The problem is that there is no real rule-of-thumb possible.
Machines (and compilers) differ too much today.

In terms of concrete numbers, of course... Using time gave
me values too small to be significant for 10000000 doubles
on the Linux machine (top of the line AMD processor of less
than a year ago); for 100000000 doubles, it was around 85
seconds for text (written in scientific format, with 17
digits precision, each value followed by a new line, total
file size 2.4 GB). For 10000000, it was around 45 seconds
under Windows (file size 250 MB).

I suspect you might either have access to a bit more funky
hardware than most users, or have the skills to fine tune what
you have better than most users. Or both.

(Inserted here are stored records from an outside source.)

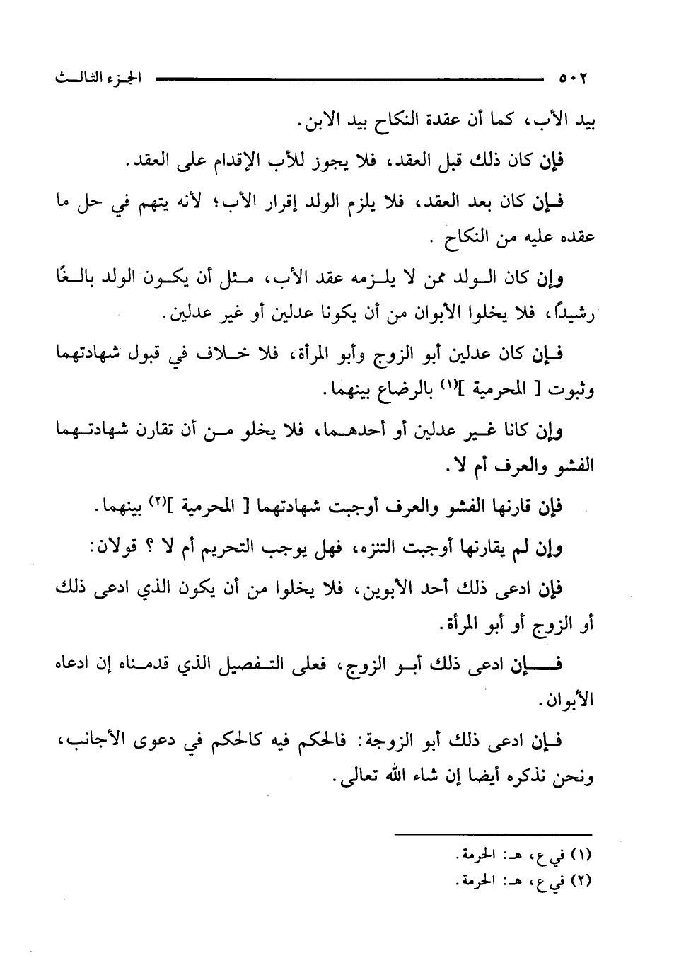 وإن كان الولد ممن لا يلزمه عقد الأب، مثل أن يكون الولد بالغًا رشيدًا، فلا يخلوا الأبوان من أن يكونا عدلين أو غير عدلين.
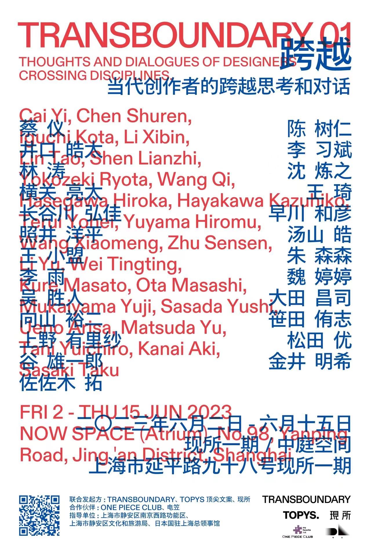 上海のクリエイティブSOHO型商業施設現所で、「TRANSBOUNDARY 01 跨越——当代创作者的跨越性对话和思考」が開催される。日本と中国20名を超えるクリエイターの作品を展示したりトークショーを行ったりすることで国境や思考をクロスオーバーされる試みのイベントとなっている。会期は6月2日-6月15日。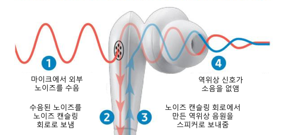 참고로 노이즈 캔슬링의 원리는 마이크가 바깥소리를 인식을 하고 그 소리 파형의 정반대의 소리를 내면서 마치 소리가 안 들리는 것처럼 만들어 주는 것입니다.

The code was written very quickly, with no tricks or anything.
It was tested on off the shelf PC's---one admittedly older than
those most people are using, the other fairly recent. The
compilers in question were the version of g++ installed with
Suse Linux, and the free download version of VC++. I don't
think that there's anything in there that can be considered
"funky" (except maybe that most people professionally concerned
with high input have professional class machines to do it, which
are out of my price range), and I certainly didn't tune
anything.

Obviously, the formatting/parsing
speed will depend on the CPU speed, which varies enormously. By
a factor of much more than 2 (which is what you've mentionned).
Again, I've no recent measurements, so I can't be sure, but I
suspect that the real difference in speed will come from the
fact that you're writing more bytes with a text format,

This is a factor. Binary files are usually about 20%-70% of the
size of the text file, depending on numbers of significant digits
and other formatting text glyphs. File sizes don't account for the
time 50-100x difference.

There is no 50-100x difference. There's at most a difference of
15x, on the machines I've tested; the difference would probably
be less if I somehow inhibited the effects of disk caching
(because the disk access times would increase);

Again, your assets might not be representative for the
average users.

Well, I'm not sure there's such a thing as an average user. But
my machines are very off the shelf, and I'd consider VC++ and
g++ very "average" as well, in the sense that they're what an
average user is most likely to see.

Here is a test I wrote in matlab a few years ago, to
demonstrate the problem (WinXP, 2.4GHz, no idea about disk):

I'm afraid it doesn't demonstrate anything to me, because I have
no idea how Matlib works. It might be using unbuffered output
for text, or synchronizing at each double. And in what format?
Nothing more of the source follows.